Torrijos died in 1981, and Noriega quickly assumed the position of dictator — just in time for the dirty-money bonanza of the Iran-Contra affair. During this time, Noriega was also emerging as a major player in the Medellin drug cartel; Panama, under his firm control, provided smugglers with a launching pad from which to deliver cocaine to the United States and elsewhere.

But his fortunes changed in the mid-1980s, when the world learned about the Reagan administration’s dirty dealings in Central America. Suddenly starved of clandestine US support, the strongman turned elsewhere for international backing. He traded secrets with Cuba and initiated contact with the Sandinista government in Nicaragua and Muammar Qadaffi in Libya.

Needless to say, the thought of Soviet allies getting friendly with the keeper of their precious trans-isthmus canal made the Americans squirm. Suddenly unwilling to tolerate their puppet’s egregious corruption — not to mention his vicious repression of dissent within Panama — the New Right puppet-masters in Washington sent in the cavalry.

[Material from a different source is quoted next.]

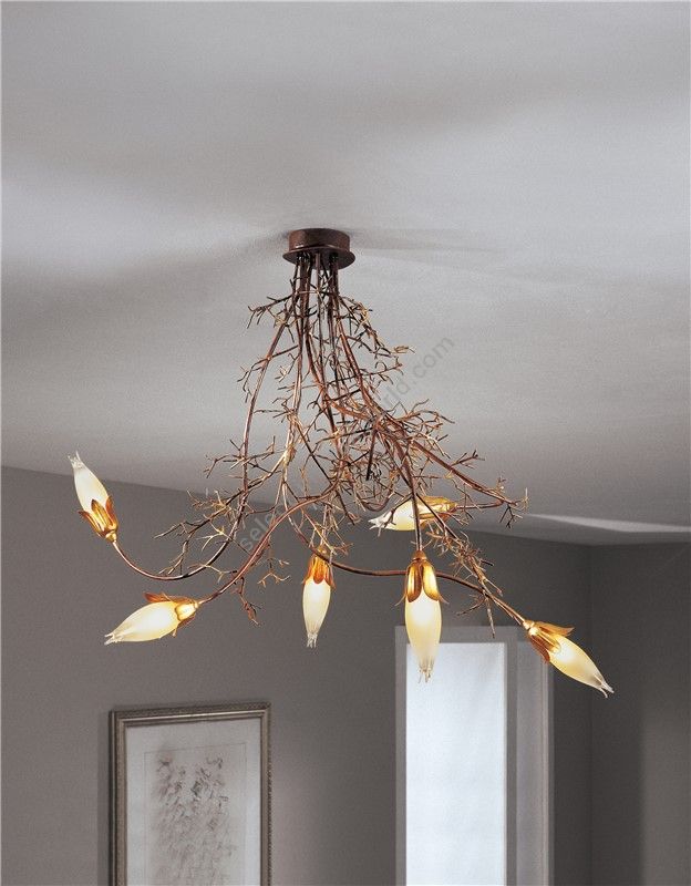 Ceiling lamp with an organic and floral design inspired by nature, that perfectly adapts to the following home environments: kitchen, living room, lounge and bedroom available in 2 colour combinations with reference to the frame and in 6 colour combinations with reference to the glass

The onslaught that ensued had dramatic consequences for ordinary people in Panama. Beyond the estimated several thousand deaths estimated by the Panamanian truth commission, some twenty thousand people were displaced from their homes. Throughout it all, television viewers in the United States listened to their political leaders wax poetic about a new era of smart bombs and surgical warfare — disingenuous rhetoric that the news media dutifully parroted.

But even Human Rights Watch soon called bullshit on the Pentagon’s talk about a surgical operation in Panama, pointing out the extremely high rates of civilian causalities relative to US military deaths to argue, “the American government appears bent once again on disregarding the fate of foreigners — military and civilian — who die in wars fought by the United States.”

That wonton disregard for life persists today. In 1991, President Bush launched the first Gulf War, once again justifying preemptive regime change with a flimsy appeal to democracy. His Democratic successor oversaw armed interventions in Somalia, Rwanda, Haiti, and the Balkans. And of course his son, in a striking reprise of his father’s performance, invaded Iraq in 2004 to depose Saddam Hussein — like Noriega, a onetime American ally who had run afoul of his handlers.

We can trace a bright line backwards in time from today’s foreign policy regime to Operation Just Cause. During those weeks in 1989–1990, the American foreign policy monster, at last relatively unconstrained by the postwar Soviet rivalry, first stretched its limbs, extended its claws, and roared.